WHAT THE EXERCISE ASKS »
The answer should hold only the lines from the beginning of the listing below to the line containing "64 impala on", both included, with every picture left out.

AVAILABLE DATA »
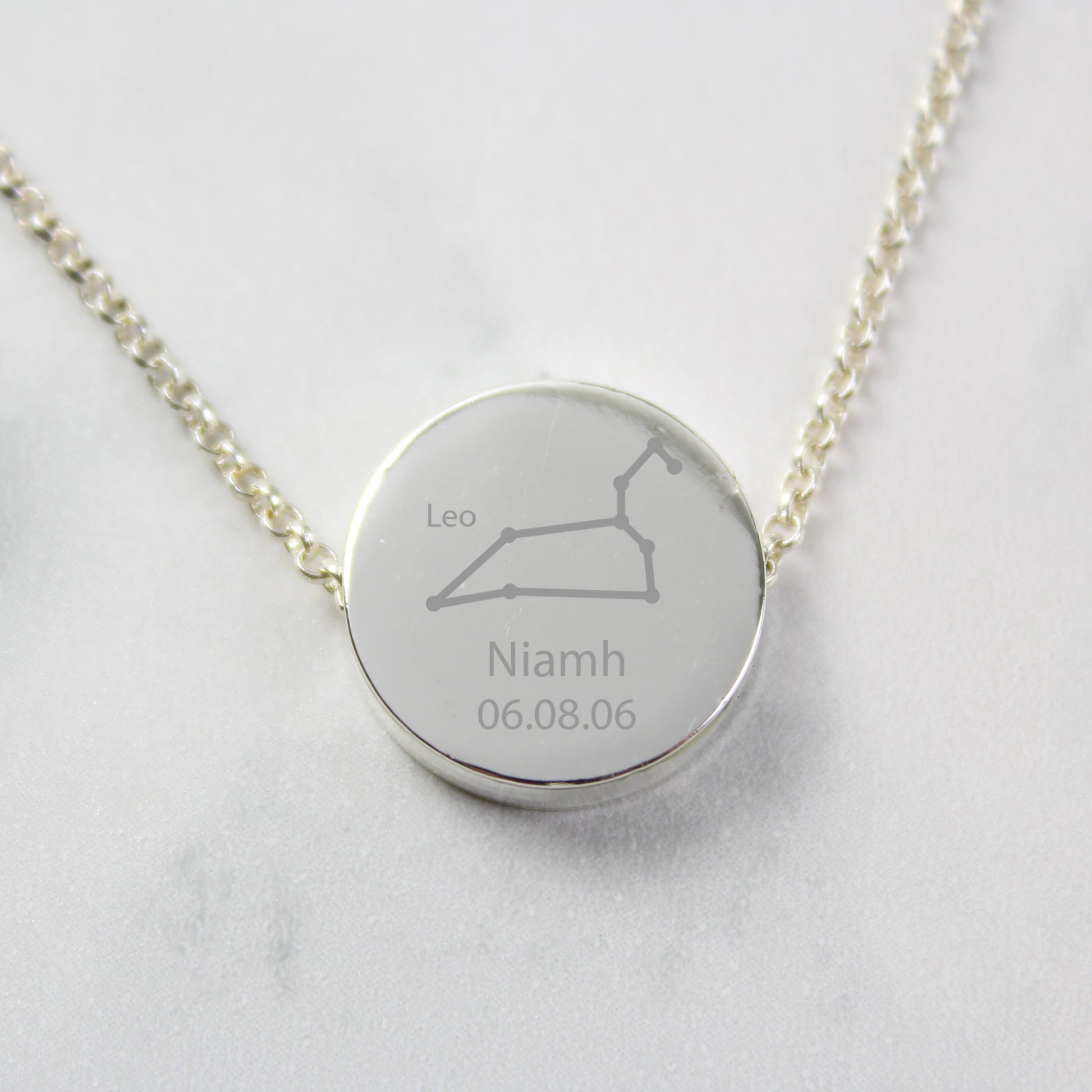 Personalised Leo Zodiac Star Sign Silver Tone Necklace (July 23rd - August 22nd)
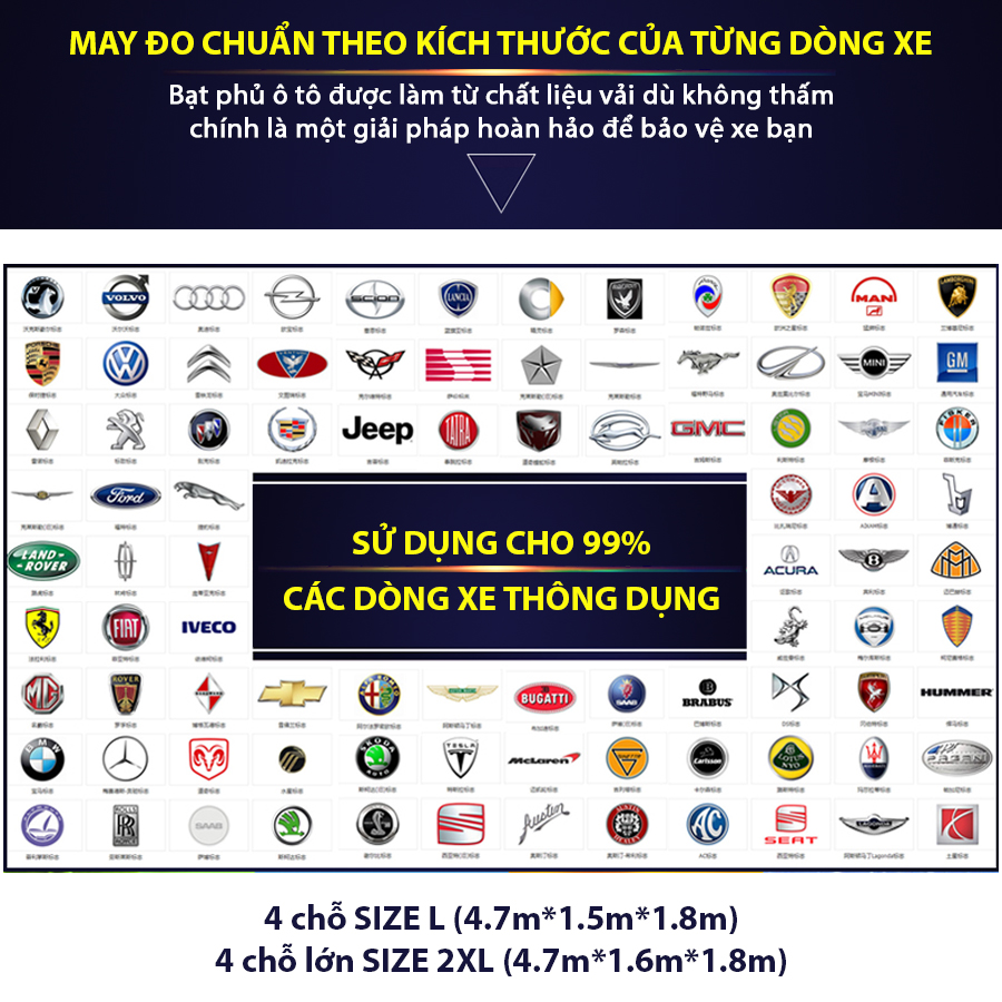 - Cam kết cung cấp Bạt phủ ô tô NB loại dày chống thấm nước 4 chỗ size L chính hãng 100%.
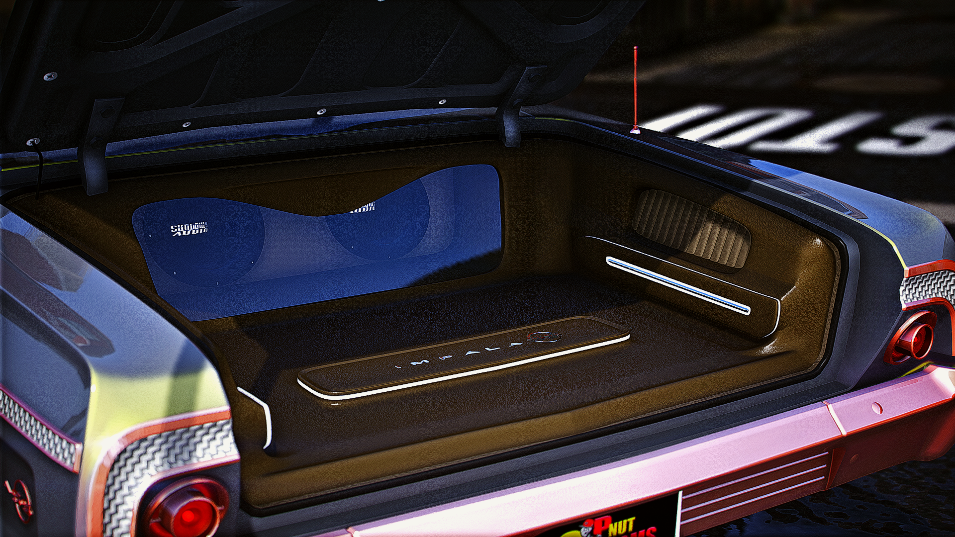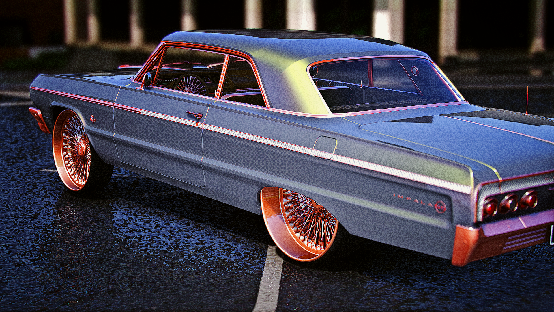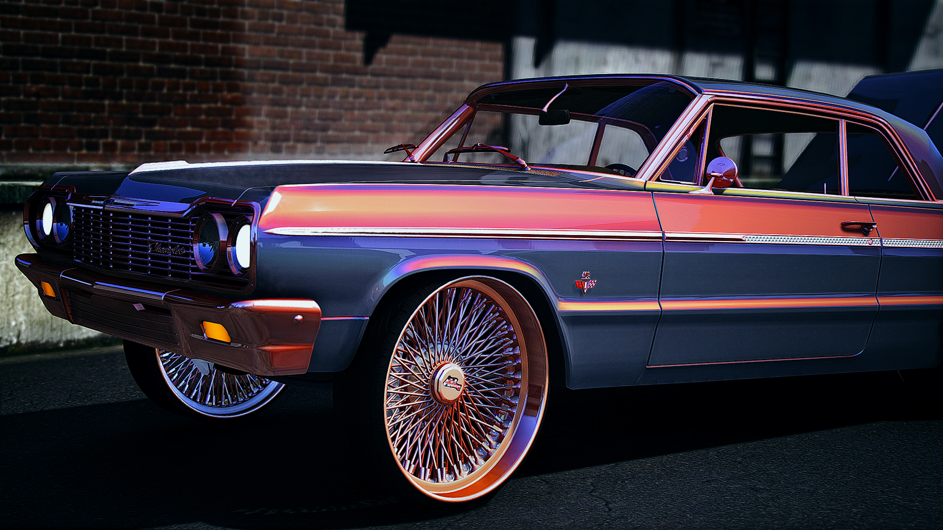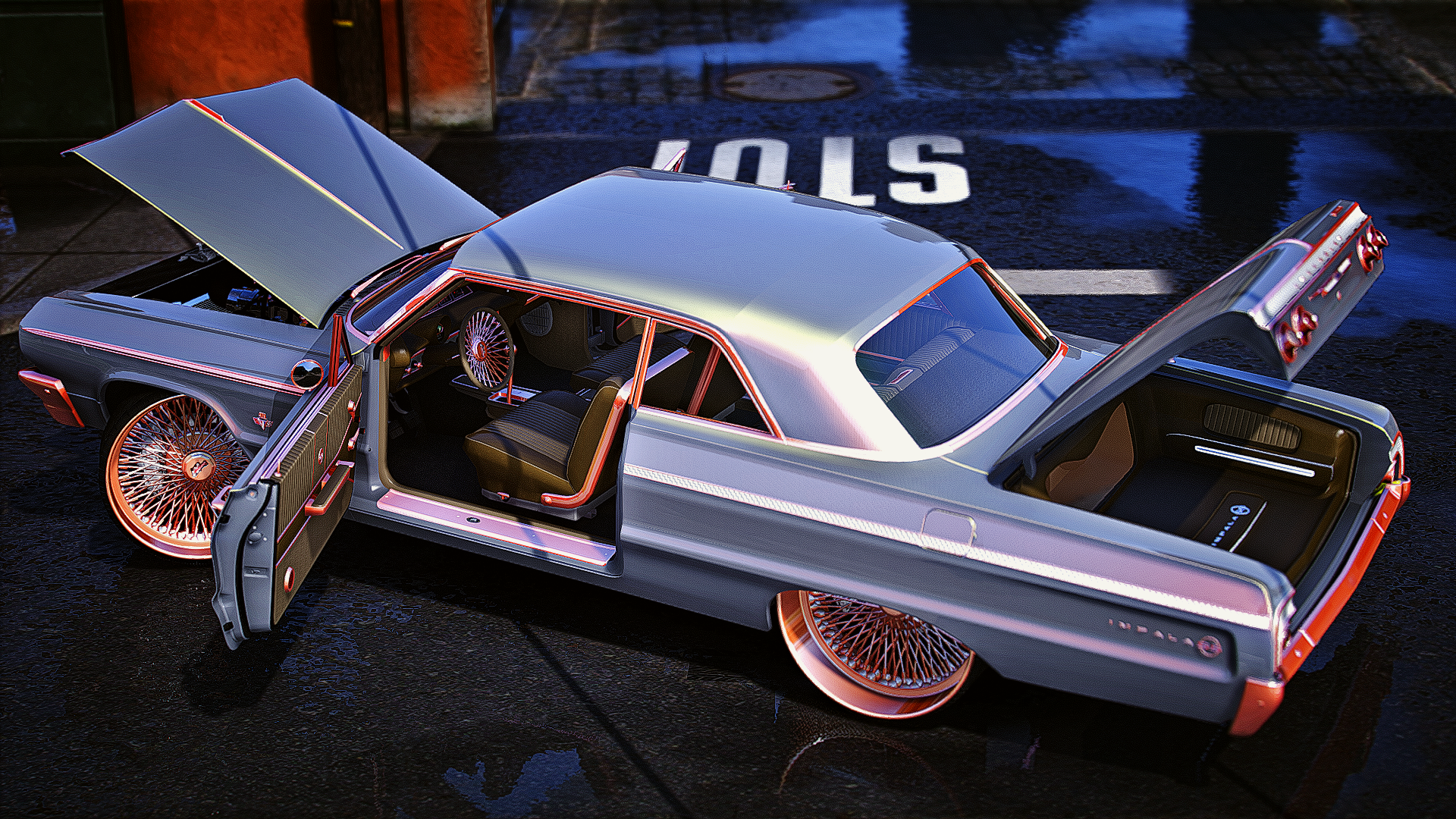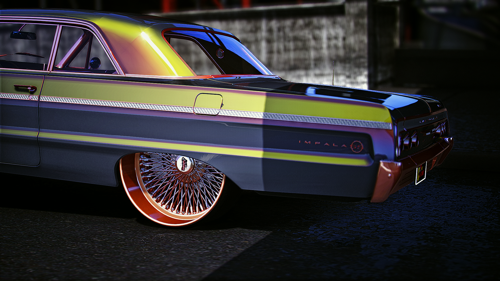 64 impala on staggered cross laced daytons with the lt4 motor custom trunk matching steering wheel super clean whip
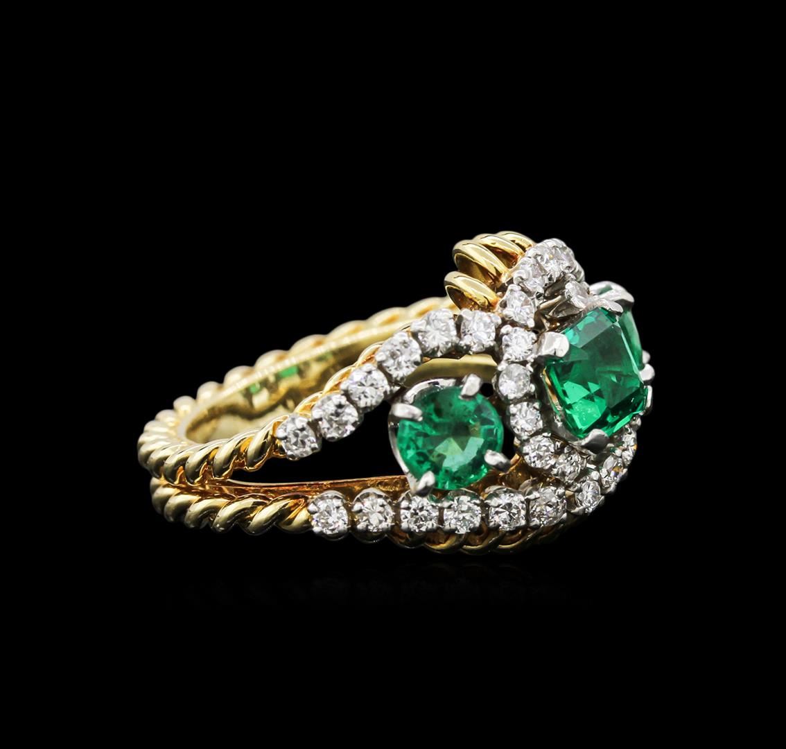 One electronically tested 18KT yellow gold lady's combination cast & assembled fashion ring with a split shank with a bright polish finish. The featured lady's ring has rope motif band and a shank measuring 4.03 millimeters wide. Identified with markings of "18K". Condition is new, good workmanship. Containing: One prong set emerald modified step cut natural emerald, measuring 5.60 x 5.50 x 3.49mm, 20% bulge factor, approximate weight of 0.99ct., clarity is slightly included, type III, dark, strong, very slightly bluish green color, (GIA vslbG 7/5), cut is very good. Transmitting light with a minimum of distortion, transparent. Colored gemstones are presumed to have been subjected to commonly used enhancement processes. Graded in the setting. Two prong set round modified brilliant cut natural emeralds, measuring 5.00 - 4.90 x 3.22 mm, approximate total weight of 0.88ct., clarity is moderately included, type III, medium, very slightly grayish, very slightly bluish green color, (GIA vslbG 5/3), cut is good. Transmitting light somewhat diffusely, semi-transparent to translucent. Naturally occurring internal & external characteristics are present. Colored gemstones are presumed to have been subjected to commonly used enhancement processes. Graded in the setting. Forty prong set round brilliant cut diamonds, measuring 1.90 - 1.80 x 1.20mm (depth est.) approximate total weight of 40 Stones = 1.00ct. Graded in the setting. Clarity: VS-2 to SI-1. Color: G - Good. Total Weight of Colored Stones 1.87ct. Total Weight of Diamonds 1.00ct. Total Weight of Ring 10.60gm. GAS Appraised at $14,035.00.

ANSWER FOR THE TASK »
 Personalised Leo Zodiac Star Sign Silver Tone Necklace (July 23rd - August 22nd)
 - Cam kết cung cấp Bạt phủ ô tô NB loại dày chống thấm nước 4 chỗ size L chính hãng 100%.
 64 impala on staggered cross laced daytons with the lt4 motor custom trunk matching steering wheel super clean whip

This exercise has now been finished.